Selon certaines analyses, les derniers chiffres n’indiquent pas une épidémie

La question des cancers précoces, touchant les personnes de moins de 40 ans, a longtemps été un sujet d’inquiétude en France.

  • Analyses suggèrent pas d'épidémie chez les jeunes
  • Recherche scientifique fournit premiers chiffres fiables
  • Certains cancers montrent forte progression
  • Efforts préventifs diminuent fréquence de certains cancers

Jusqu’à récemment, le pays manquait de statistiques fiables sur le nombre de ces tumeurs malignes. En 2023, des scientifiques ont alerté sur une possible « épidémie » mondiale sans que la France puisse confirmer ou infirmer cette tendance faute de données centralisées.

Un suivi enfin établi grâce à la recherche scientifique

Pour pallier ce manque d’information, le Dr Emmanuel Desandes du Registre national des tumeurs solides chez l’enfant a entrepris ses propres recherches avec le soutien financier de la Ligue contre le cancer et l’Institut national du cancer (Inca). Les résultats présentés le 3 mars ne permettent pas d’avoir une vue complète du phénomène puisque seules certaines régions étaient prises en compte. Il est précisé que « seulement 19 départements disposaient d’un registre continu et aux standards scientifiques », représentant ainsi seulement 18% du territoire français.
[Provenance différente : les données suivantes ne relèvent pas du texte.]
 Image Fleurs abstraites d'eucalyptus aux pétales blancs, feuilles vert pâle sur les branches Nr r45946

Une augmentation modérée mais significative pour certains types de cancers

L’étude indique qu’il n’y a pas eu d’augmentation massive des cas dans notre pays. En moyenne, moins de 3 000 cas par an ont été recensés chez les jeunes adultes au cours des deux dernières décennies. Toutefois, six types spécifiques montrent une hausse constante depuis les années 2000 : – Carcinomes colorectaux (+1,43% par an), Cancer du sein (+1,6%), – Cancer du rein (+4,51%), – Lymphomes de Hodgkin (+1,86%), – Glioblastomes (+6,11%), – Liposarcomes (+3,68%). Le Dr Desandes souligne que ces augmentations doivent être confirmées par d’autres études et ne constituent pas une épidémie à proprement parler.

Les efforts préventifs portent leurs fruits dans la lutte contre certains cancers

Malgré ces points d’alerte concernant certains cancers spécifiques, il est essentiel de noter que globalement les cancers sont devenus moins fréquents parmi les jeunes grâce à divers efforts préventifs. Par exemple, la prévention contre le mélanome a réduit son incidence annuelle de 3% depuis 2010 grâce à une sensibilisation accrue sur l’exposition au soleil. Iris Pauporté souligne que « aujourd’hui, il n’y a pas un enfant sur la plage qui n’a pas sa combinaison ».
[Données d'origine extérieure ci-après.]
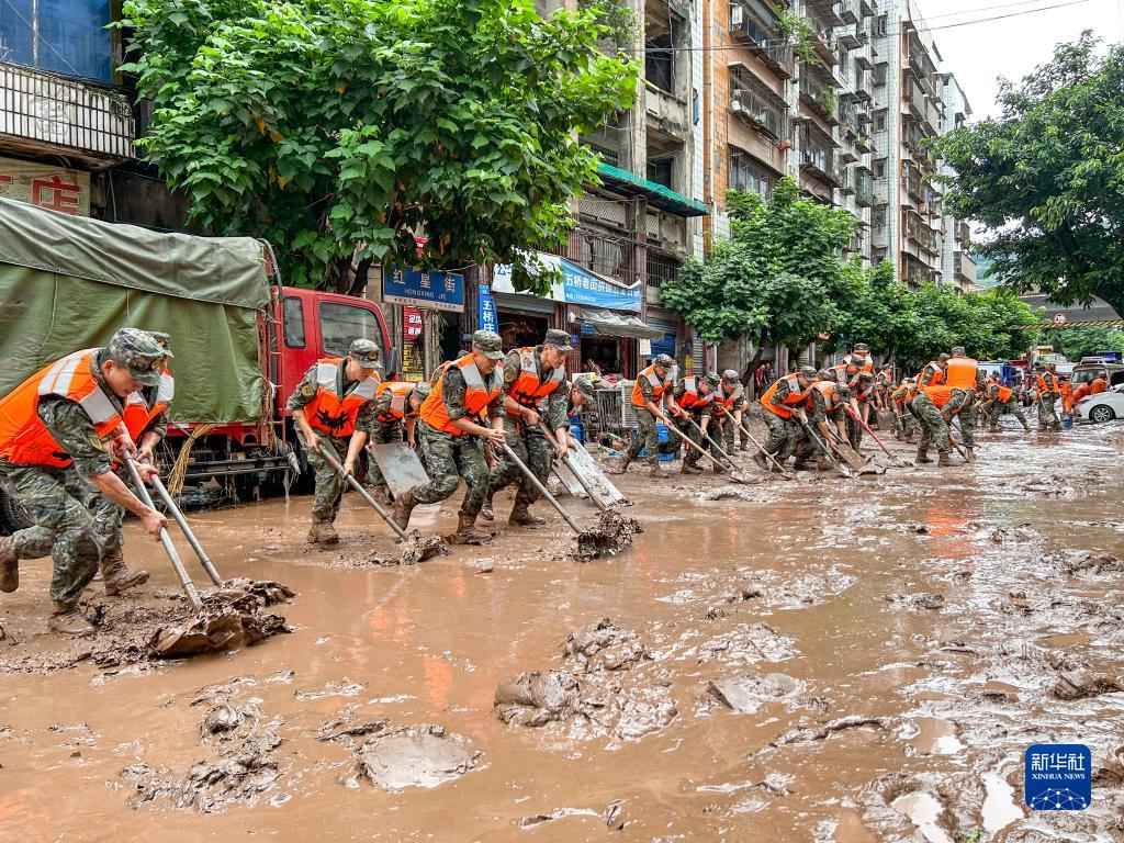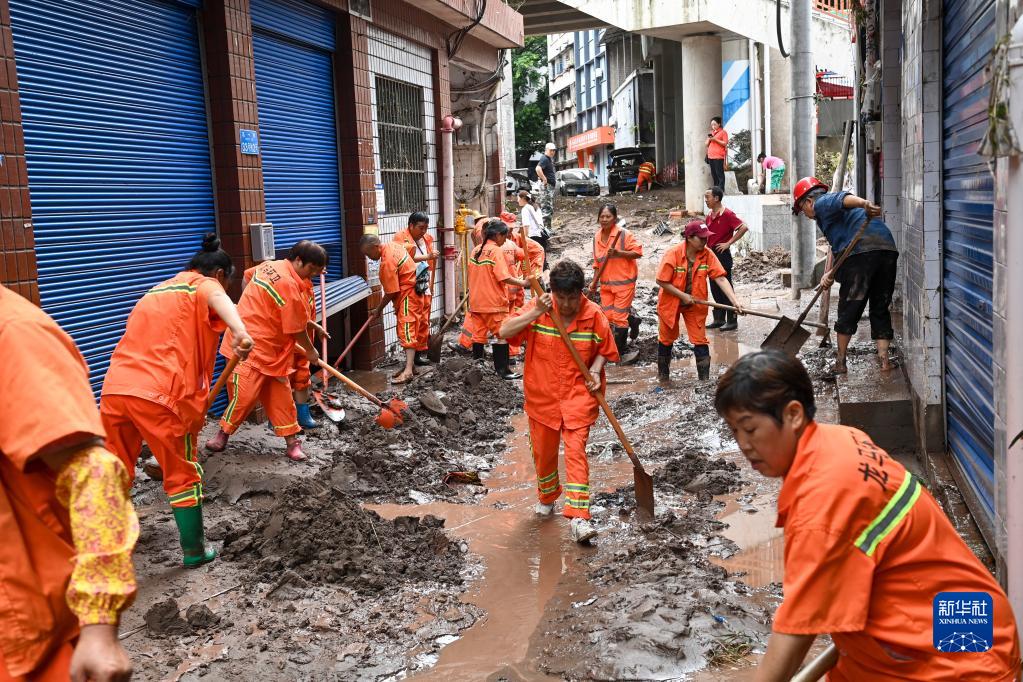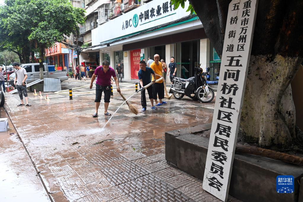 7月4日,重庆万州区五桥街道,当地干部和群众在积水退去后对街道进行清理。

L’importance d’une interprétation prudente des statistiques sanitaires

Il est crucial d’être prudent lors de l’interprétation des données concernant les cancers précoces. Catherine Hill rappelle que même si certaines hausses peuvent sembler significatives statistiquement parlant, elles pourraient simplement refléter des fluctuations isolées plutôt qu’une véritable augmentation réelle du risque. De plus, plusieurs facteurs complexes tels que l’obésité, la consommation d’alcool et même l’exposition à certains perturbateurs endocriniens méritent également attention pour expliquer ces dynamiques.
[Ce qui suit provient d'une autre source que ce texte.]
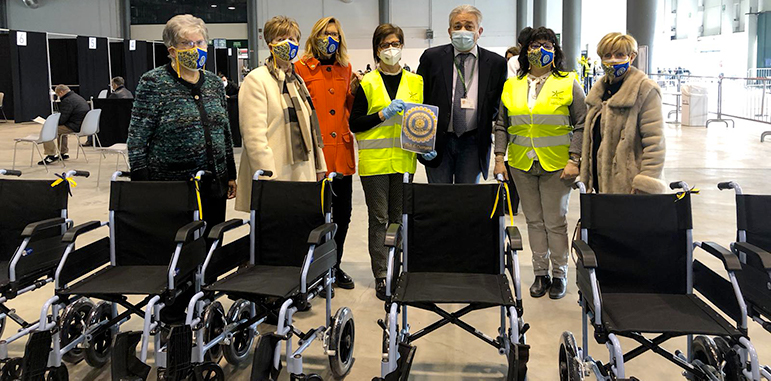 Consegnate questa mattina presso l’Hub vaccinale dell’Asst di Cremona – allestito nel padiglione 1 della Fiera di Cremona – otto sedie a rotelle donate dalle socie dell’Inner Well Cremona.

A retenir : Les nouvelles statistiques offrent un aperçu précieux mais nécessitent davantage d’études pour mieux comprendre les tendances observées dans les cancers chez les jeunes adultes en France. La vigilance demeure importante face aux chiffres et aux campagnes médiatiques qui pourraient exagérer certaines réalités. Il est conseillé aux individus préoccupés par leur santé ou présentant des symptômes suspects de consulter un professionnel médical afin d’éviter toute forme d’automédication ou mauvaise interprétation personnelle des données disponibles.